11.17.2015

Chocolatey Chewy Flapjacks - Recipe

Last week I couldn't quite put my finger on what sort of sweet craving I was having. I was hungry, but not overly so and fancied doing some baking but nothing too complicated that would take 2 hours of mixing, weighing and cleaning up.

Enter: chocolate flapjacks!

They are by no means healthy in any way shape or form but are excellent for an energy boost (albeit an unhealthy sugar rush) in the late afternoon. 

I ended up making these in a matter of minutes and taking them to the boyfriend's family home to share the calories (basically so I didn't eat them all myself) and everyone raved about how gorgeous and chewy they were.

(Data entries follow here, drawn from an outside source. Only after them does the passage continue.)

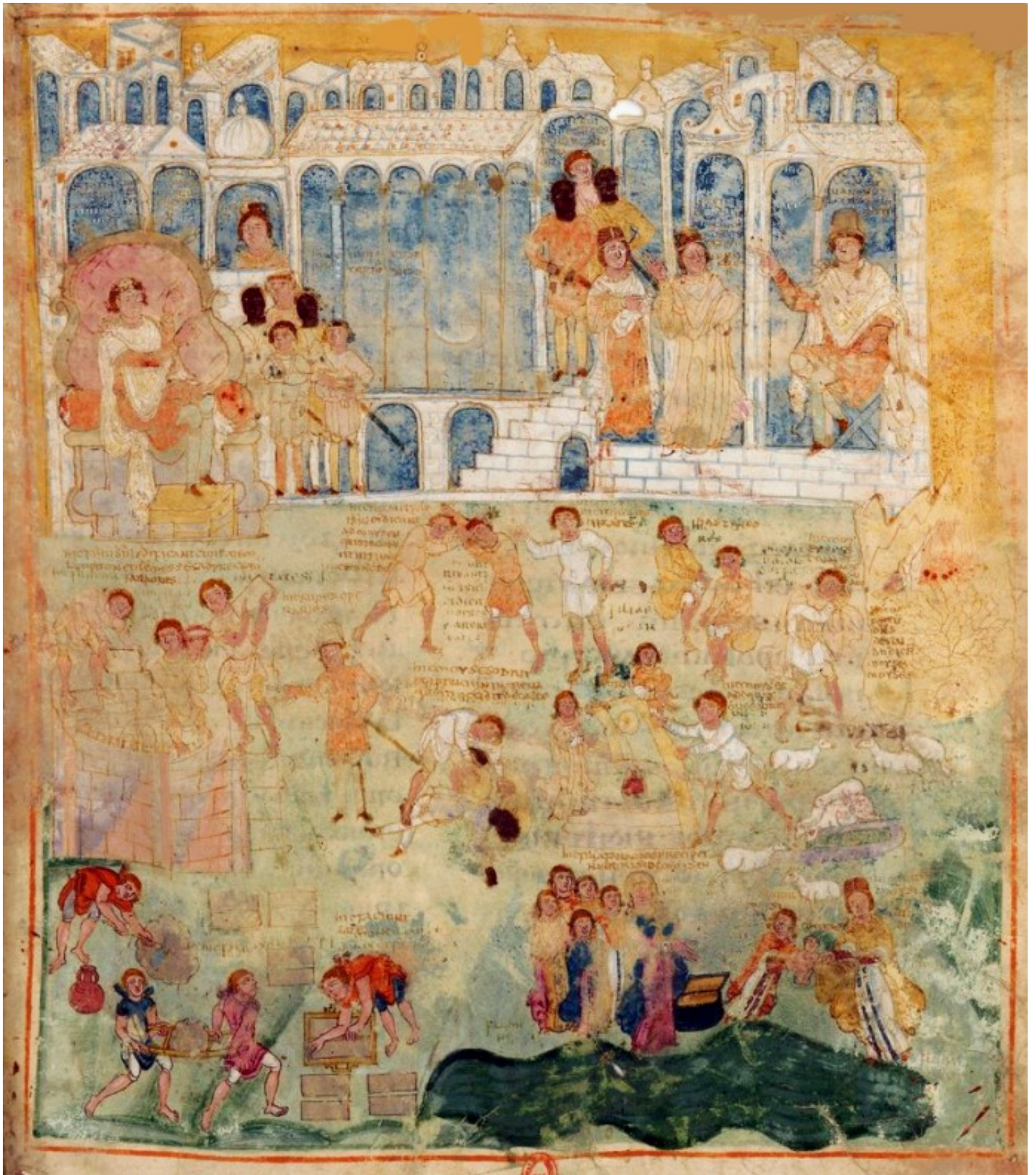
Folio 56r – Moïse jeune homme chez Pharaon qui a ordonné d'opprimer les Hébreux – Pharaon et les sages-femmes. Moïse confié à sa propre mère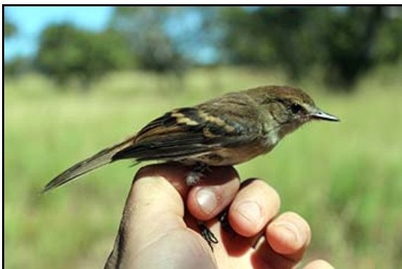
Foto 23 - Cnemotriccus fuscatus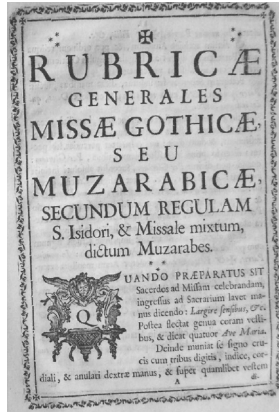
28. RG, p. I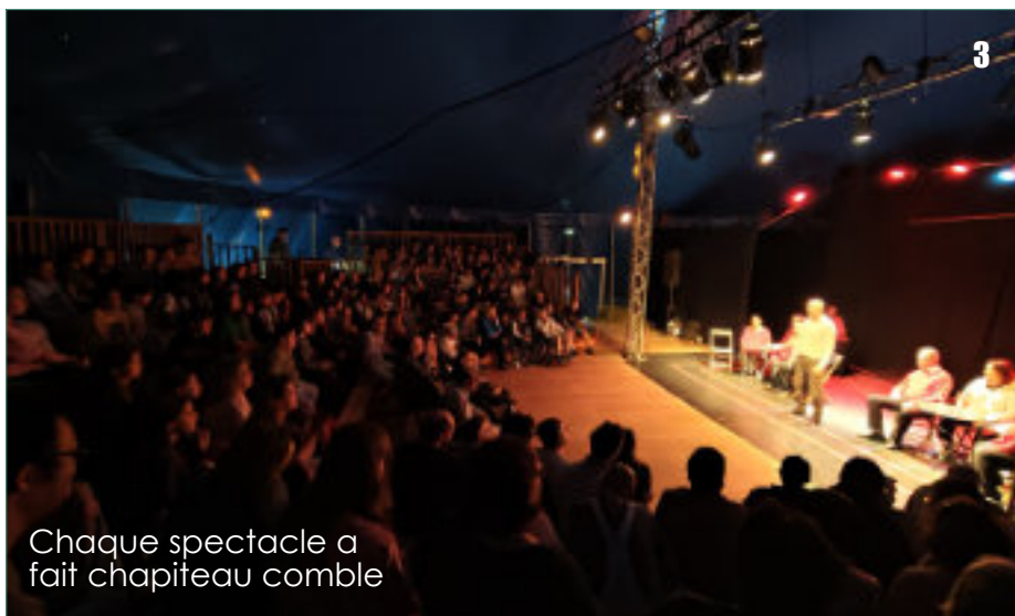
Chaque spectacle a fait chapiteau comble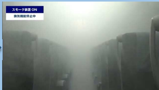
スモーク装置ON （換気機能停止）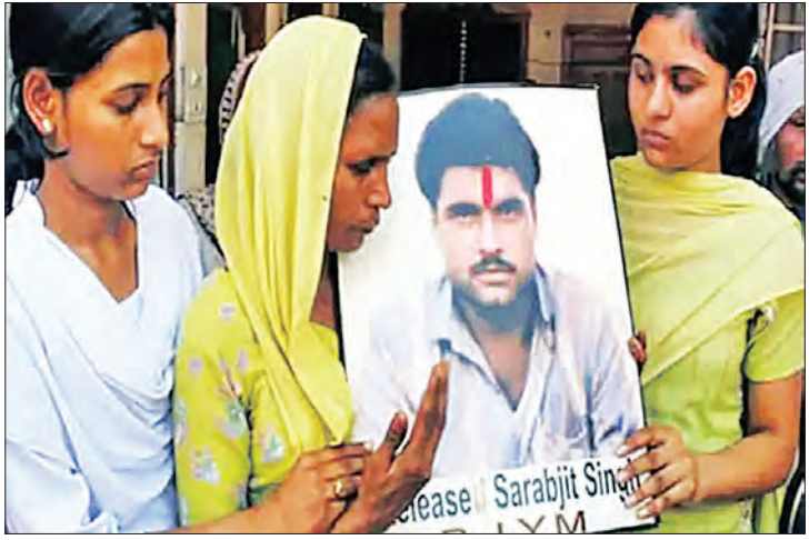
ଇସଲାମାବାଦ, ୧୪୪୪ (ଏକେଡ଼ି)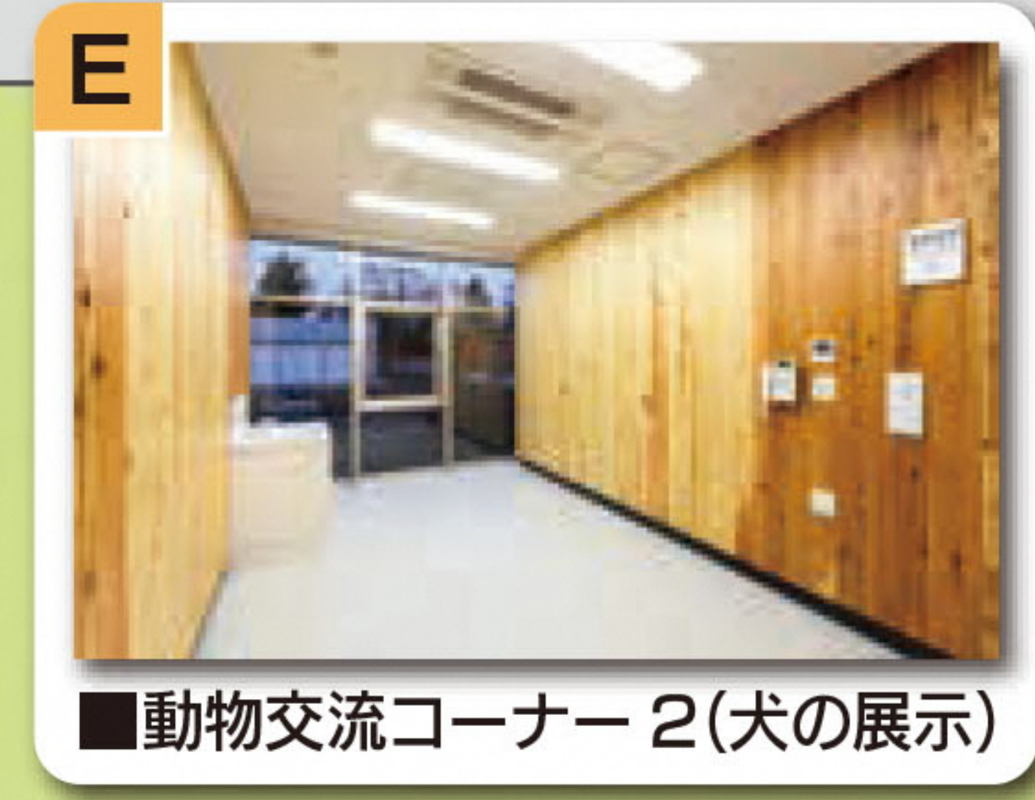
■動物交流コーナー 2(犬の展示)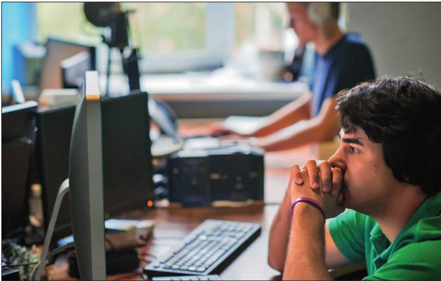
Постоянное присутствие вербовщиков ИГИЛ в соцсетях.

Активисты ИГИЛ поддерживают свои аккаунты в сетях Facebook, Twitter, Instagram, Friendica, Telegram. Активно они заявили о себе и в российских социальных сетях: «ВКонтакте» и «Одноклассниках».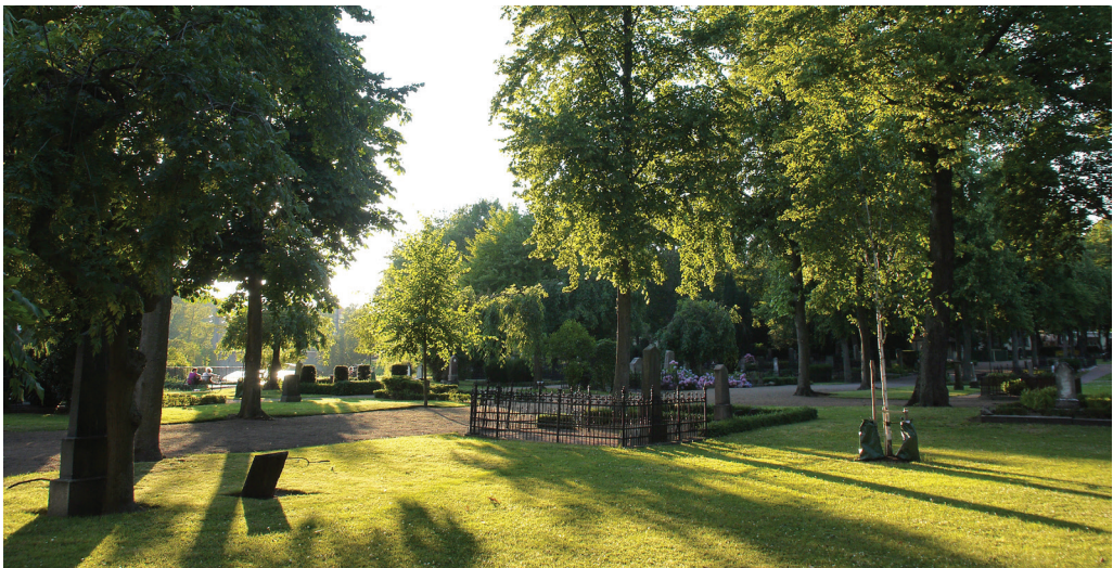
Åtgärder som utgör en väsentlig ändring av kulturmiljön på begravningsplatser kräver ofta tillstånd från myndighet.

Det är alltid du som förvaltare som ska ta fram detta underlag. Beroende på hur omfattande åtgärden är behövs olika mycket underlag, tumregeln är att ju större åtgärder desto mer omfattande underlag behövs. Eventuellt kan du behöva ta hjälp av sakkunniga för att ta fram detta underlag.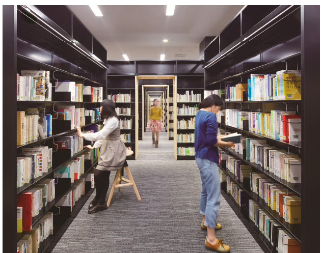
2階「ブックスケープ」は、従来型の書架ではなく、本の森に迷い込んで思いがけない本とも出会うという意図を込めた配置に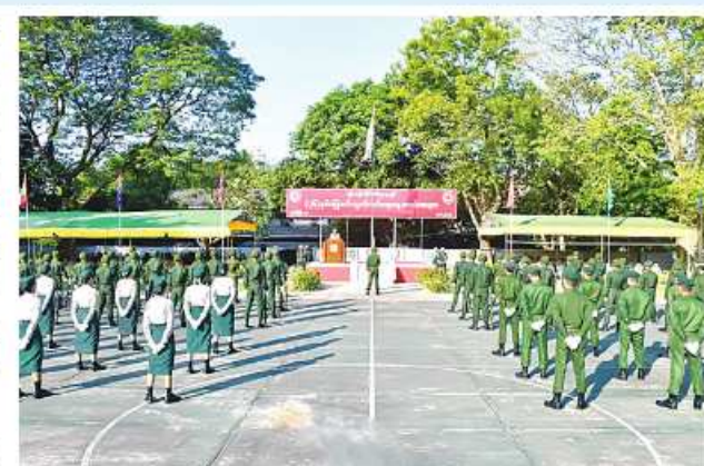
ရန်ကုန်တိုင်းစစ်ဌာနချုပ်၌ (၇၆)နှစ်မြောက် လွတ်လပ်ရေးနေ့စစ်ရေးပြ အခမ်းအနား ကျင်းပစဉ်။

နေပြည်တော် ဇန်နဝါရီ ၄ (၇၆)နှစ်မြောက် လွတ်လပ်ရေးနေ့ စစ်ရေးပြအခမ်းအနားကို ယနေ့ နံနက်ပိုင်းတွင် ကာကွယ်ရေးဦးစီး ချုပ်ရုံး(ကြည်း) ဝင်းအတွင်း၌ အနော်ရထာခန်းမရွှေ့ စစ်ရေးပြ ကွင်း၌ ကျင်းပပြုလုပ်သည်။ အခမ်းအနားသို့ ကာကွယ်ရေး ဦးစီးချုပ်ရုံး(ကြည်း)မှ ဒုတိယ ဗိုလ်ချုပ်ကြီးတေဇကျော်က ကာကွယ် ရေးဦးစီးချုပ်ရုံးမှ တပ်မတော် အရာရှိကြီးများ၊ အရာရှိ၊ အရာခံ၊ အကြပ်၊ စစ်သည်၊ စစ်သမီးများ ပျော်ပွဲရွှင်ပွဲ အားကစားပြိုင်ပွဲ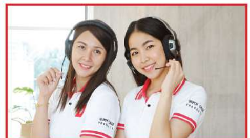
QUICK Customer Service บริการลูกค้าสัมพันธ์ที่กันใจ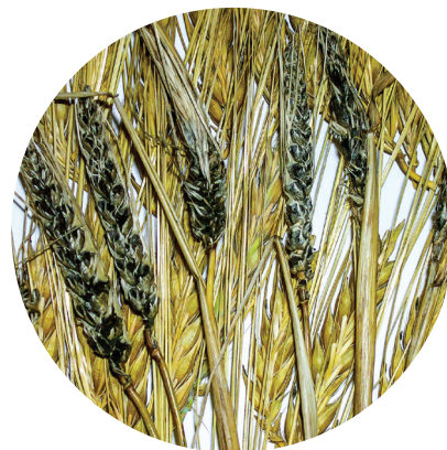
Твердая (каменная) головня ячменя

Кредо® совместим с другими пестицидами, кроме препаратов, обладающих сильнокислой или сильнощелочной реакцией.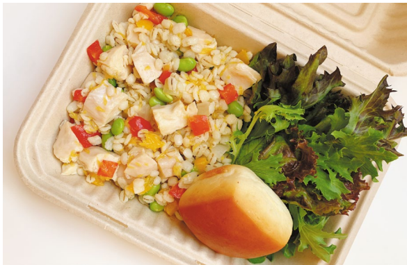
特別メニュー「押し麦・鶏ささみ・オレンジのサラダ」

② 上記特別メニュー以外をご希望の方には、ホテルオリジナルバーガー「ヘルシー版」をホテル1階レストラン「ボンサルーテ」にてご用意いたします（営業時間 7:00～10:00）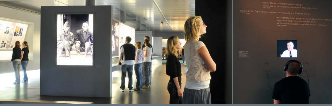
Dauerausstellung der KZ-Gedenkstätte Mittelbau-Dora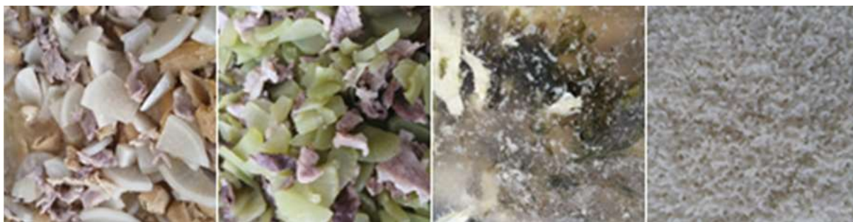
图III-1 开餐当天菜品情况组图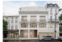
VERDUN AUX FABRIQUES RÉUNIES Tiers-lieux Logement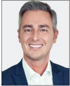
Hugues Bayet Député Bourgmestre Farciennes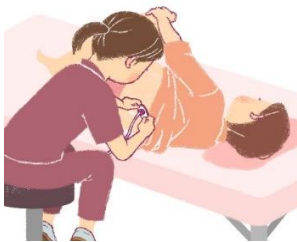
むつうぶんべん 無痛分娩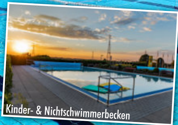
Kinder- & Nichtschwimmerbecken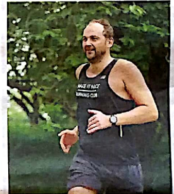
Stelle Michelin Daniel Humm, 41 anni, svizzero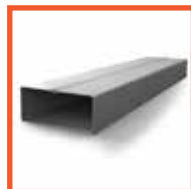
Обрамление светового проема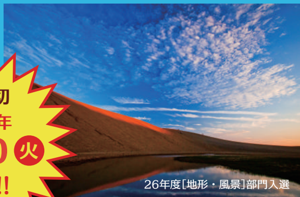
26年度[地形・風景]部門入選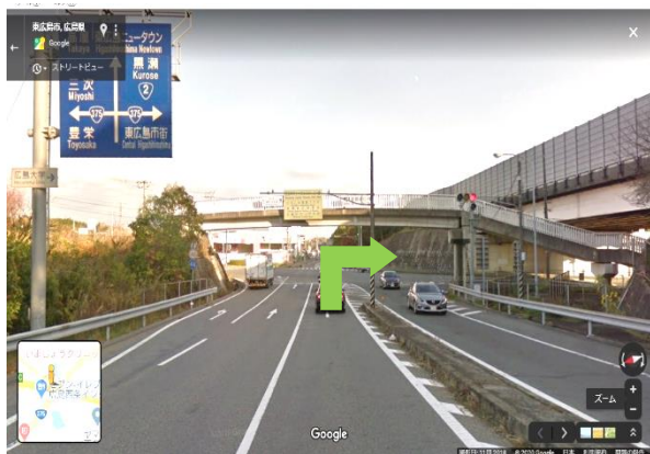
① 西条 IC 出口の交差点を右折する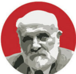
Altiero Spinellego (1907-1986)

Przejęcie kompetencji w dziedzinie edukacji i wychowania realizuje wizję komunisty Altiero Spinellego, zakładając ostateczną likwidację suwerennych państw narodowych. Utworzenie wspólnego państwa europejskiego jest możliwe dzięki odpowiednio uformowanym kolejnym pokoleniom.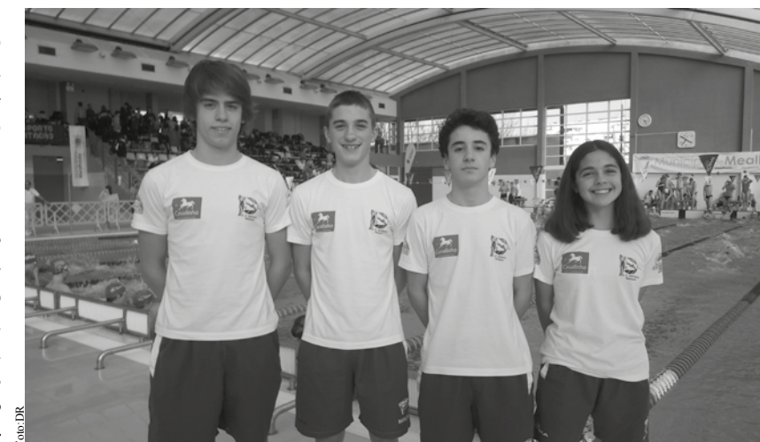
Equipa espinhense presente na Mealhada.

No final da competição, em 13 prova nadadas, foram alcançados 13 recordes pessoais (incluindo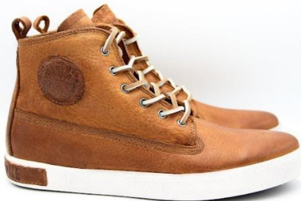
Icon AM02 color: CUOIO material: LEATHER Inner material: LEATHER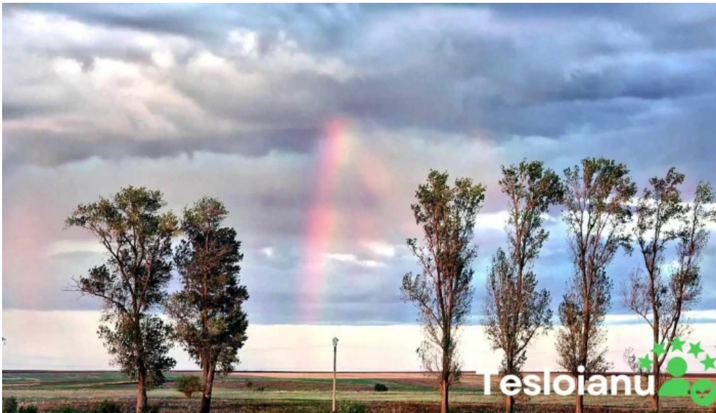
Comuna bragadiru videoclipuri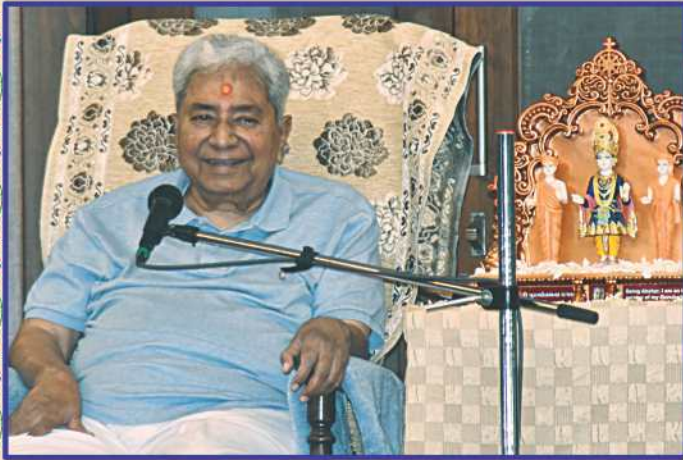
હોલિકા પર્વ-બ્રહ્મસ્વરૂપ ભગતજી મહારાજ પ્રાગટ્યમંગલે સાહેબજીનાં આશીર્દાન

આ ઉપરાંત, સમાહના પ્રત્યેક ગુરુવારે ઈન્ટરનેશનલ યુવકોની ગુરુસભા અને શુક્રવારે ઈન્ટરનેશનલ યુવતીઓની સભાઓ યોજાઈ, તેમાં પણ ઊછરતી પેઢીએ સંતભગવંત સાહેબજીના પ્રાગટ્યમંગલ અવસરે અનુપમ મહિમાદર્શન કરાવ્યાં. ◆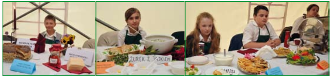
Tuż przed degustacją potraw...

Wszyscy uczestnicy konkursu otrzymali pamiątkowe dyplomy i fartuszki z logo konkursu, laureaci otrzymali dyplomy i nagrody w postaci tablettów.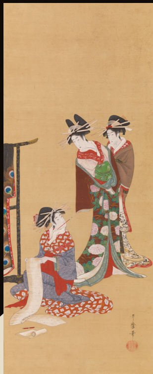
喜多川歌麿「三美人図」 江戸時代中期 歌麿だから描けた、遊女たちの素の時間。

江戸本所(現在の墨田区)に生まれる。数え年19歳の時、人気浮世絵師の勝川春章に入門して絵を学ぶ。版画、版本、肉筆画制作のすべてに情熱を注いで森羅万象を描き、90歳の長寿を全うした。北斎のほか戴斗、画狂人、卍など度重なる改名、生涯に93回という転居癖をはじめ奇行も多い。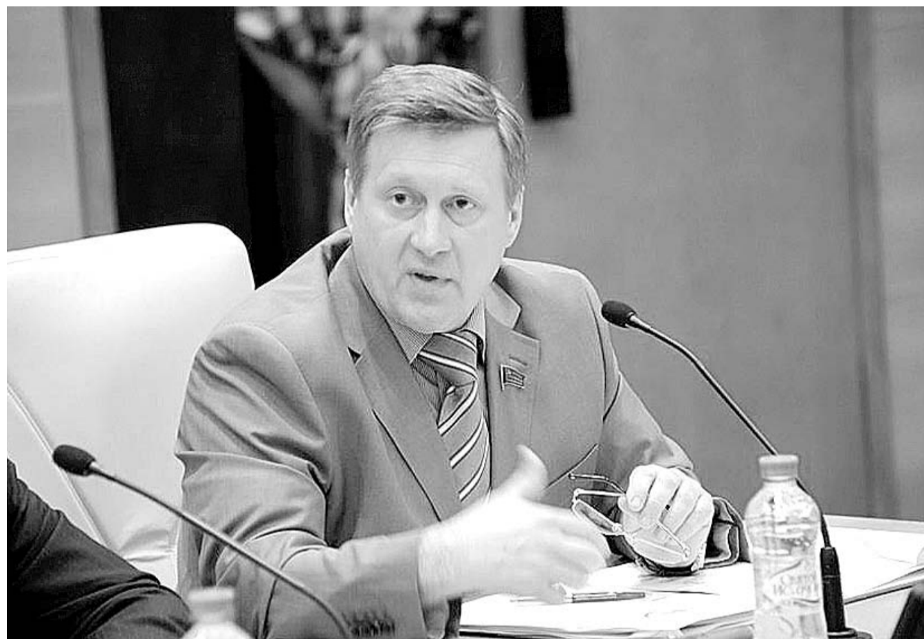
НА ФОТО: МЭР НОВОСИБИРСКА АНАТОЛИЙ ЛОКОТЬ

They're super easy, delicious and with an added bit of cinnamon can be seen as an early 'Christmas treat'...no?

What you'll need:

- 150g of unsalted butter
- 75g of light brown sugar
- 3 rounded tbsp of golden syrup
- 250g-300g of unflavoured porridge oats (depending on how dry you like them)
- 200g - 300g of milk chocolate to cover/chop up and include on top to melt
- 1 tsp of cinnamon (optional)

What you'll do:

- Preheat the oven to 180 degrees C and grease your desired tin (size can vary depending on how thick you want the flapjacks to be).
- Melt the butter, syrup and sugar in a saucepan on a medium heat (add in some cocoa here if you want double chocolate flapjacks) and combine well.
- Add in the oats and 1 tsp of cinnamon (optional) and mix well.
- Pour the mixture from the saucepan into the baking tin and smooth over with the back of a spoon.
- Pop in the oven for 15-25 minutes depending on your oven ability until golden brown on top.
- Allow to cool for 20-30 minutes before chopping into desired size/shape and eating.
- Refrigerate if you'd prefer a firmer flapjack.
- Eat every bit and don't feel guilty.